Indexing
In order for web pages to be included within search results, they must be in Google’s index. Search engine indexing is a complex topic and is dependent on a number of different factors. Our SEO Office Hours Notes on indexing cover a range of best practices and compile indexability advice Google has released in their Office Hours sessions to help ensure your website’s important pages are indexed by search engines.
URLs Removed With the URL Removal Tool Will Be Crawled and Indexed But Stripped From Search Results
If you use the URL removal tool, they should disappear from results within a day. However they are still technically indexed, and recrawled periodically, so when the removal expires, they will appear again based on the latest crawl data. Later he clarifies that these URLs are just stripped out of the search results at the last minute, and is still included in other calculations.

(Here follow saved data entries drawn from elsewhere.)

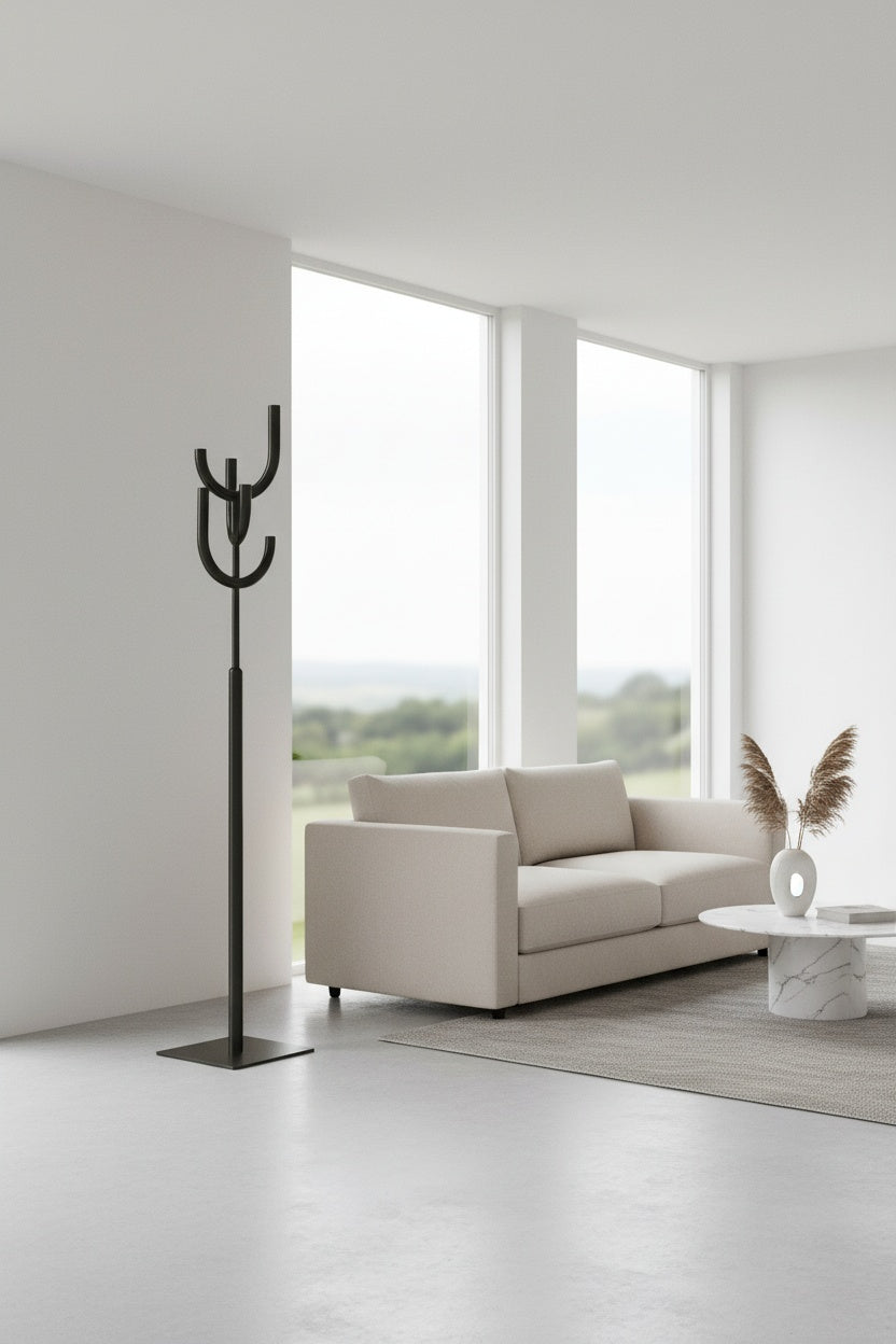 Descripción: Este perchero de acero es el complemento perfecto para cualquier hogar moderno y minimalista. Está diseñado para ser funcional y estético al mismo tiempo, lo que lo hace ideal para cualquier espacio que necesite un lugar para colgar abrigos, sombreros, bolsos y otros accesorios.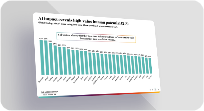 AI impact reveals high-value human potential (2/3) Global finding: 28% of those saving time using AI are spending it on more creative work % of workers who say that they have been able to spend time on ‘more creative work’ 43% 42% because they have saved time using AI 39% 36% 35% 35% 32% 31% 31% 30% 30% 28% 28% 28% 27% 27% 26% 26% 26% 26% 26% 25% 25% 25% 24% 24% 23% 22% 75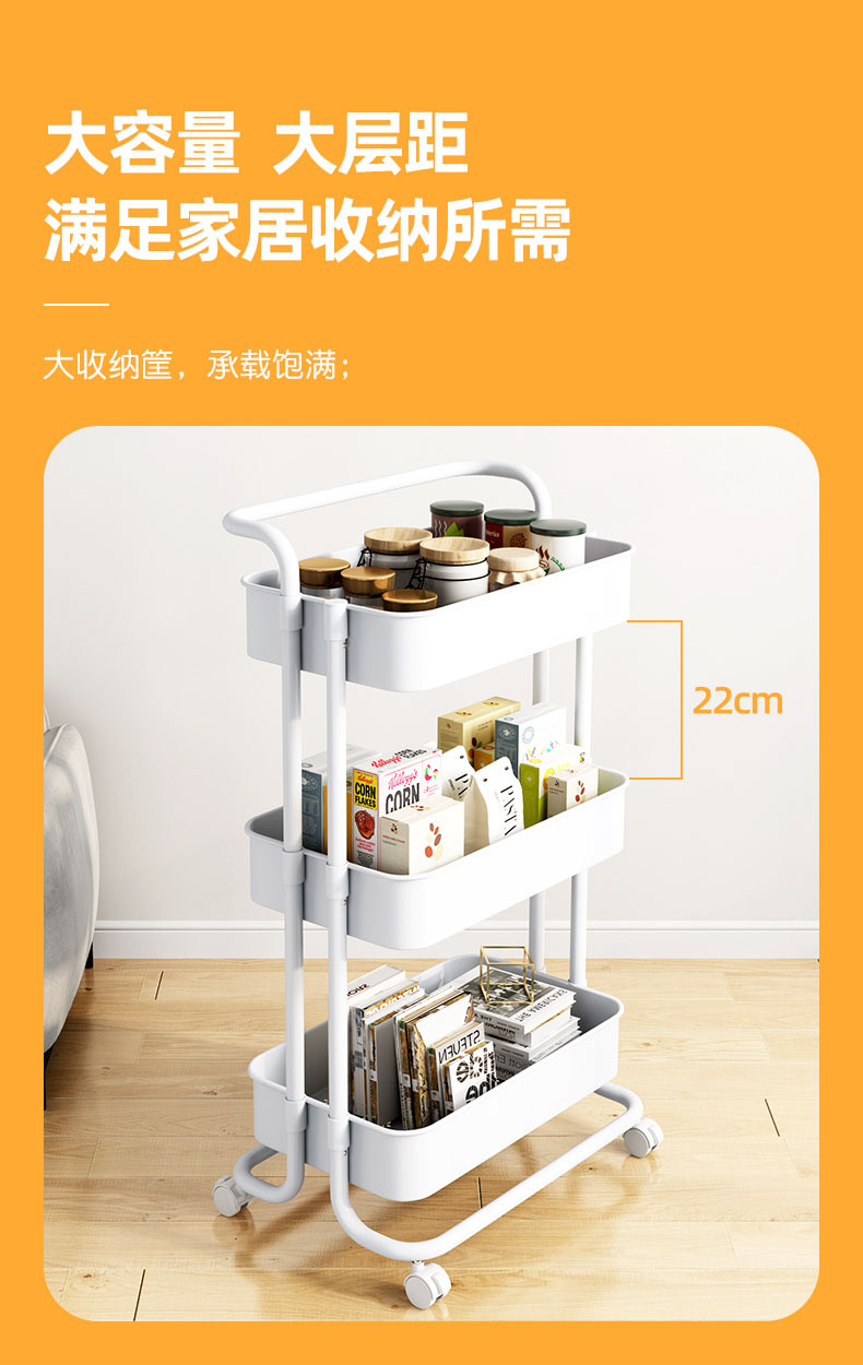 가정용 수납 선반 라스커 트롤리 선반 주방 욕실 거실 이동식 다층 수납 선반

RSS + PubSubHubbub is better than XML sitemaps
John recommends using RSS with PubSubHubbub as the fastest way to get new content indexed.
Disallow doesn’t prevent indexing
A disallowed URL will be indexed and shown in results if Google has sufficient external signals.
Google Can Index Without Looking At Content
Google can index pages without ever looking at the content.
Canonicalised Pages Show up in Google’s Index
Canonicalised pages will still show up for site: searches, but that doesn’t mean the canonical tags aren’t working.
Good Quality Category and Tag Page Can Be Indexable
John supports good quality ‘category’ type tag pages which are valuable to users and worth having indexable.
Indexing Paginated and Search Results Pages
Search results pages can be made indexable. Including only the 1st page of a paginated set is an option, provided you make sure that all the details/product pages can still be reached.
Canonicalise Product Variants
A discussion around when to canonicalise pages to other pages. e.g for colour variations of product pages.
Break XML Sitemaps into Small Chunks
Breaking up XML Sitemaps into smaller groups can give you more feedback on indexing issues, which are reported separately for each Sitemap in Webmaster Tools.
Google Will Rewrite Title Tags
Sometimes Google will rewrite your title tags if they have a lot of irrelevant keywords (keyword stuffed), if they are heavy duplicated or if they are too long to be displayed.